┌─ Data segment

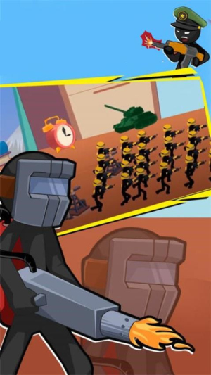 4、简约视觉表现,经典火柴人风格搭配精致的战斗特效。部队行动流畅自然,技能释放醒目直观,完美平衡策略深度与视觉清爽感。
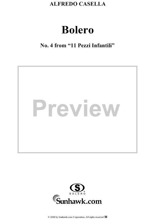 "11 Pezzi Infantil, No 4: Bolero" Sheet Music by Alfredo Casella
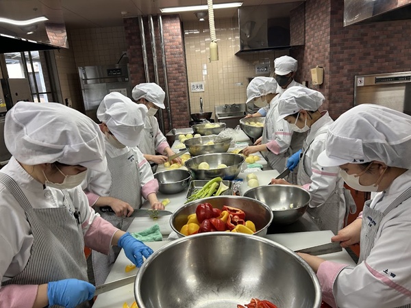 本校では、15人のチームで300食を作るという、より現場に近いスタイルで実習を行います。
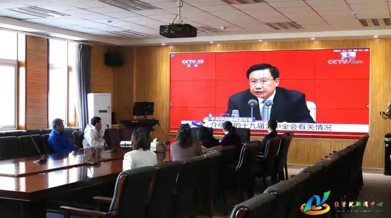 为深入贯彻党的十九届六中全会精神,全面落实习近平新时代中国特色社会主义思想。11月12日上午10:00,公司组织全体师生以线下、线上相结合的形式观看第十九届六中全会新闻发布会,学习领会全会精神。

└─

The answer should hold every line of the listing, copied exactly, with no pictures.

Response below:
 4、简约视觉表现,经典火柴人风格搭配精致的战斗特效。部队行动流畅自然,技能释放醒目直观,完美平衡策略深度与视觉清爽感。
 "11 Pezzi Infantil, No 4: Bolero" Sheet Music by Alfredo Casella
 本校では、15人のチームで300食を作るという、より現場に近いスタイルで実習を行います。
 为深入贯彻党的十九届六中全会精神,全面落实习近平新时代中国特色社会主义思想。11月12日上午10:00,公司组织全体师生以线下、线上相结合的形式观看第十九届六中全会新闻发布会,学习领会全会精神。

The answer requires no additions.